Since coming to power last year the Abbott Government has launched two Royal Commissions. The first was the Royal Commission into the Home Insulation Scheme. The estimated cost of that inquiry was $20 million despite the fact that the Royal Commission revealed nothing that that had not already been revealed by several Government, Senate and independent inquiries as well as two full coronial inquiries in NSW and Queensland. The second Royal Commission is into Union Governance and Corruption. Despite the Government claiming this inquiry is based on “serious allegations”, none of the allegations have been revealed. Abbott is merely continuing the anti-union witch-hunt he spent most of his time conducting under the Howard Government. So at least Howard would approve, right?
“I’m uneasy about the idea of having royal commissions or inquiries into essentially a political decision on which the public has already delivered a verdict, I don’t think you should ever begin to go down the American path of using the law for narrow targeted political purposes. I think the special prosecutions in the US are appalling.”
Okay maybe not, but an investigation into union corruption is bound to increase productivity isn’t it? Let’s hope so, because the $53 million the Government has budgeted for it over the next two years has been directly taken from Employment, Industry, Infrastructure and Regional Development. $53 million the government thinks is better spent on settling old scores than invested in Australia’s future. Then there’s the additional cost of the joint Victorian-Federal task force to further investigate unions, coincidently set up to run at the same time as the Victorian election this month. Unfortunately that won’t leave many resources for the Victorian ombudsman’s investigation into allegedly corrupt political donations in Liberal marginal seats announced today, at least not until after the election.
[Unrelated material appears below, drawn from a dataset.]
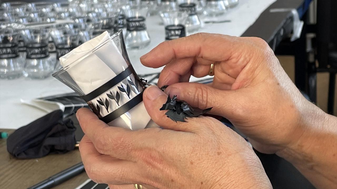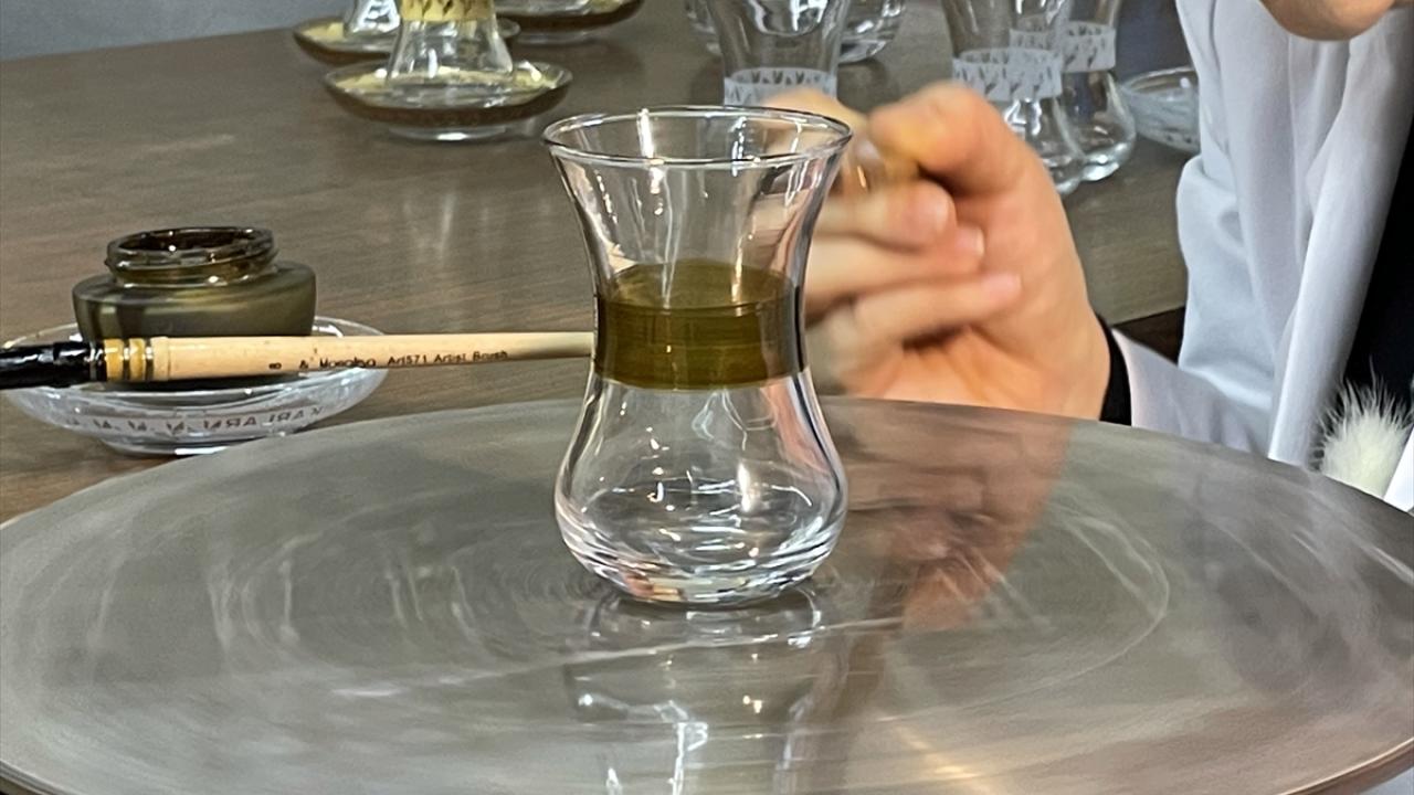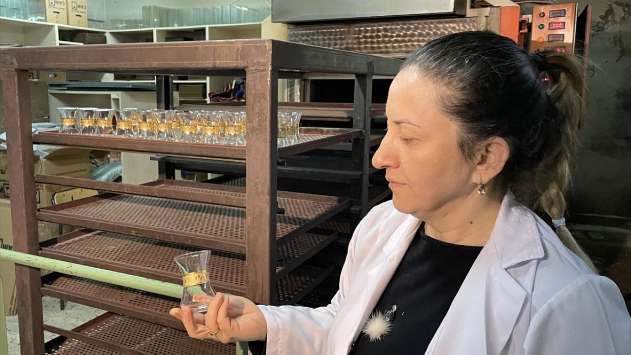 Altın boyalı ince belli çay bardakları kadın girişimcilerin elinde şekilleniyor

If there’s one thing this Government is quicker at doing than announcing Royal Commissions into their opponents, it’s ruling out Royal Commissions into their friends. The Independent Commission against Corruption in NSW heard allegation of illegal party donations to the NSW Liberal party resulting in the resignation of 10 NSW government members (including two ministers and the Premier), the resignation of the Federal Assistant Treasurer and allegations of money laundering, involvement by organised crime and corruption at federal level. The Government has made it clear from the outset that none of these allegations will be investigated further.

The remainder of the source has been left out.